Notice how, in Fig. 1, the waveform from the faulted generator shows that generator current continues to flow after trip outputs have opened the connection to the load bus. This confirms that the fault is within the differential zone and the fault current was not interrupted by the tripped generator bus-tie breaker.

Source location

Another benefit was the engineers' ability to collect data that could determine if problems were coming from the supply side or the demand side. At times, Adams has shown captured data to power companies and helped solve problems at the supply level.

Remote access and monitoring capabilities

According to Adams, Marathon Oil employs a handful of people to support power systems throughout the company, which covers a fair amount of territory. The ability to remotely manage devices is an advantage.

Adams uses remote access to configure devices and access surveillance reports. He typically calls the relays twice a day to conduct status checks and to look at the triggers and histories for smoking guns.

Recently, he noticed a problem with the DC batteries that power the critical trip circuits for the Yates' breakers. The battery systems are 125VDC, and twice a day he observed a pattern where they would cycle through an intense recharge well in excess of 140V before cycling back to normal levels. After keeping an eye on the pattern for a few weeks, Adams captured hard data demonstrating the event and passed it to the electricians, who located and fixed some problems with the charging connections.

Current transformer performance assessment

Engineers at the Yates plant were able to use the monitoring capability of the digital relays to detect current transformer saturation and DC offset.

The ultimate measure of the project's success was a fourfold improvement in the trip index. When the power system was brought back up, the trip index factor had gone from nearly 1.0 to about 0.25.

The Indian Basin Plant

As a result of the Yates project, Adams received a call from engineers at the Indian Basin plant in Iraan, Texas — another one of Marathon's premier asset bases in its southern business unit. The Indian Basin plant has a more complicated power system consisting of a 480V bus, three turbine generators, a utility connection, and a standby feeder.

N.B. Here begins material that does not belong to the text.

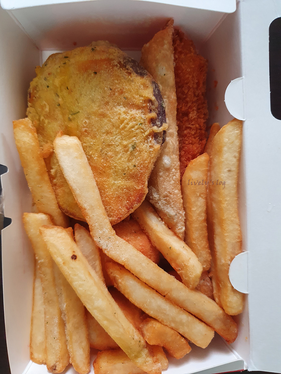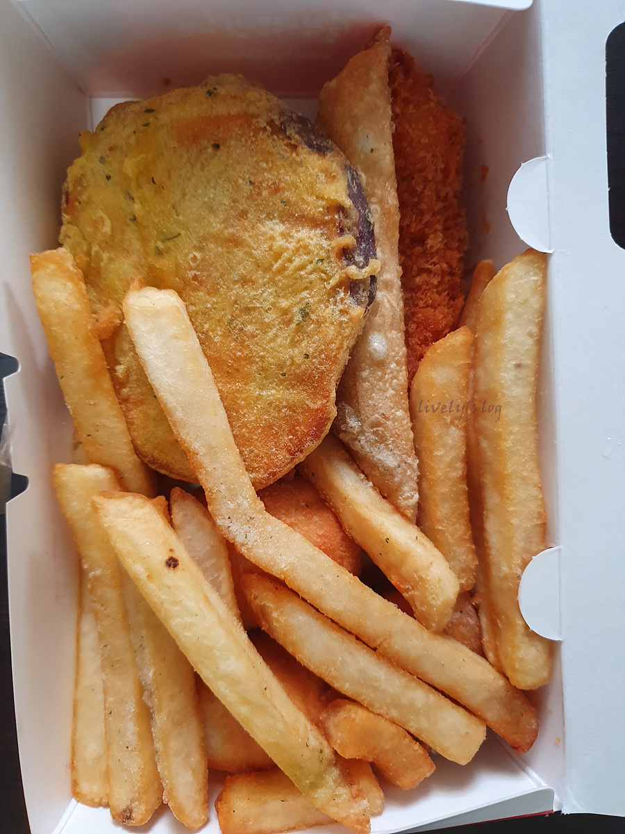 모둠튀김 (대,6000원) 입니다. 고구마튀김, 새우튀김,감자튀김,쫀도그,만두,멘보샤,흑당치즈볼이 있는데 모두 바삭하고 맛있었습니다.

The Indian Basin plant has a much higher risk of production losses because of the large volume of natural gas that goes to flare during an outage. Production levels run at approximately 250 million cubic feet a day. If natural gas is selling at $3 per thousand cubic feet when an outage occurs, then a $750,000-a-day revenue stream evaporates at a rate of $30,000 an hour. This figure doesn't include fixed facility startup costs that can soar to $100,000.

The challenge with this facility was integrating two additional distributed generators and one 900 hp motor. These generators and the motor fed into and drew startup power from the bus. The facility was also experiencing many of the same types of problems as the Yates plant, including phantom trips and fluttering generator controls. The engineers at Indian Basin consulted Adams after hearing about his accomplishments at the Yates plant.

Although the superintendent at Indian Basin was rather possessive of the generator controls and packages that were critical to the plant, he was impressed enough with the Yates project to agree to the installation of an additional SEL-351 relay on the Indian Basin bus. Adams is currently pitching a retrofit of the generator relays for the Indian Basin plant.

Conclusion

Digital relays provide improved installation economics over discrete electromechanical or static relay systems because of their multifunction protection platforms. They improve overall system reliability through reduced installation complexity, continuous self-monitoring features, and a substation-hardened design. But the biggest advantage of digital relays is their ability to capture waveform data during system disturbances.